Question

Consider a discrete time branching process \(\left\\{X_{n}\right\\}\) with probability generating function $$ \varphi(s)=\frac{1-(b+c)}{1-c}+\frac{b s}{1-c s}, \quad 01\). Assume \(X_{0}=1\). Determine the conditional limit distribution: $$ \lim \operatorname{Pr}\left\\{X_{n}=k \mid X_{n}>0\right\\} $$

Short answer

The conditional limit distribution for the given branching process is given by: \[ \lim_{n \to \infty} \operatorname{Pr}\left\{X_{n} = k \mid X_{n} > 0\right\} = \frac{\lim_{n \to \infty} \operatorname{Pr}\left\{X_{n} = k\right\}}{\lim_{n \to \infty} (1 - q_n)} \] where the numerator represents the \(k\)th coefficient of \(\varphi_{+}^{n}(s)\), and the denominator represents the extinction probability at the \(n\)-th step.

Step-by-step solution

Calculate the probability generating function for all non-zero outcomes

To calculate the probability generating function for all non-zero outcomes, first define the generating function for non-zero offspring in a single step: \[ \varphi_{+}(s) = \frac{\varphi(s) - (1 - b - c)}{b} \] Notice that this generating function represents the original generating function but without the probability of having \(0\) offspring. #Step 2: Define the extinction probability and the probability of extinction at step n#

Define the extinction probability and the probability of extinction at step n

The extinction probability, denoted by \(q\), is the probability that the branching process dies out eventually.
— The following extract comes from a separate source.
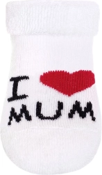 Kényelmes bébi frottír zokni a New Baby-től, bájos I Love Mum and Dad motívummal, mely lenyűgöz a nyomásmentes rugalmas passzéval és a meleg frottír anyaggal, hűvösebb napokra ideális. A minőségi kivitel megőrzi a formát és a színeket gyakori mosás után is.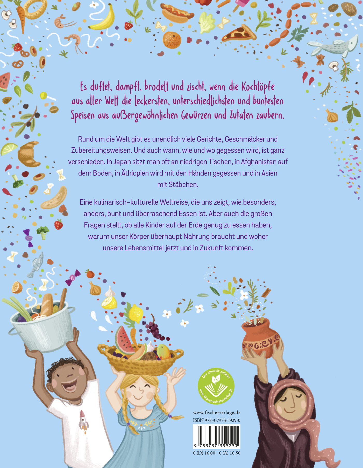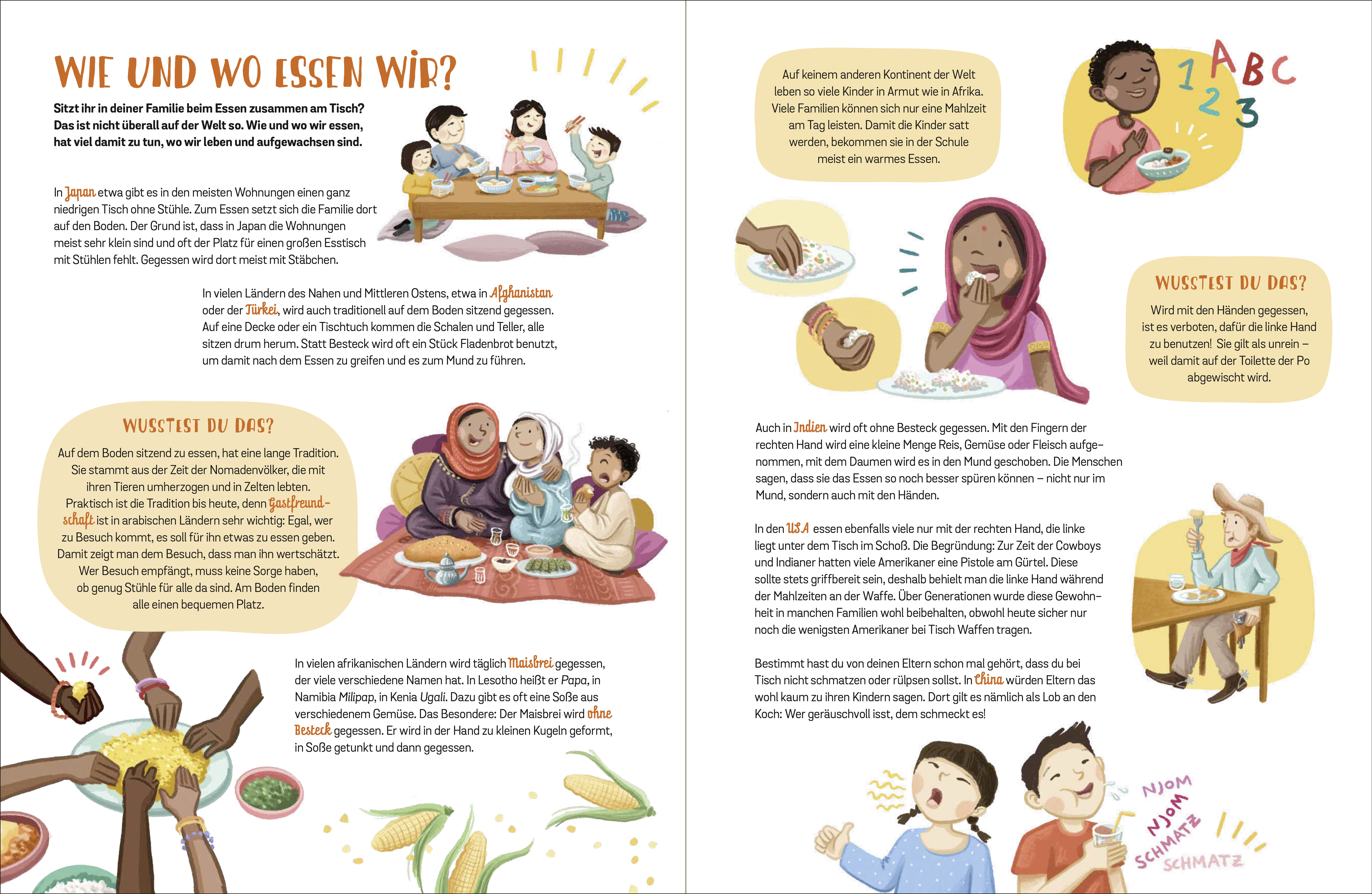 Es duftet, dampft, brodelt und zischt, wenn die Kochtöpfe aller Welt die leckersten, unterschiedlichsten und buntesten Speisen aus außergewöhnlichen Gewürzen und Zutaten zaubern. Jedoch gibt es nicht nur unendlich viele Gerichte und Zubereitungsweisen, auch wann, wie und wo gegessen wird, ist ganz verschieden. In Japan sitzt man oft an niedrigen Tischen, in Afghanistan auf dem Boden, in Äthiopien wird mit den Händen gegessen und in Asien mit Stäbchen.

Also, define the extinction probability at step \(n\), which is the probability of having no offspring at step \(n\), denoted by \(q_n\). For example, \(q_1 = 1 - b - c\). #Step 3: Calculate the extinction probability using the probability generating function#

Calculate the extinction probability using the probability generating function

The extinction probability \(q\) satisfies the equation \(\varphi(q) = q\). We can find the extinction probability by substituting \(\varphi(s)\) in the equation: \[ q = \frac{1 - (b + c)}{1 - c} + \frac{bq}{1 - cq} \] Solve for \(q\). #Step 4: Calculate the conditional limit distribution denominator#

Calculate the conditional limit distribution denominator

To calculate the required probability from the exercise, we need to condition on the event that \(X_{n} > 0\). Hence, the denominator for the conditional probability is \(1 - q_n\). #Step 5: Calculate the conditional limit distribution numerator#

Calculate the conditional limit distribution numerator

To calculate the numerator of the conditional probability, note that the probability generating function for the branching process conditioned on \(X_{n} > 0\) is given by: \[ \varphi_{+}^{n}(s) \] So, the numerator of the conditional limit distribution is the \(k\)th coefficient of \(\varphi_{+}^{n}(s)\), denoted by \(\operatorname{Pr}\left\{X_{n} = k\right\}\). #Step 6: Calculate the conditional limit distribution and the limit#

Calculate the conditional limit distribution and the limit

The conditional limit distribution, as requested in the exercise, will be the ratio of the numerator (step 5) and the denominator(step 4): \[ \operatorname{Pr}\left\{X_{n} = k \mid X_{n} > 0\right\} = \frac{\operatorname{Pr}\left\{X_{n} = k\right\}}{1 - q_n} \] Finally, finding the limit \(\lim n \to \infty\) of this expression will yield the required answer. This may be further investigated by considering the properties of \(\varphi_{+}(s)\) and taking the limit as \(n \to \infty\).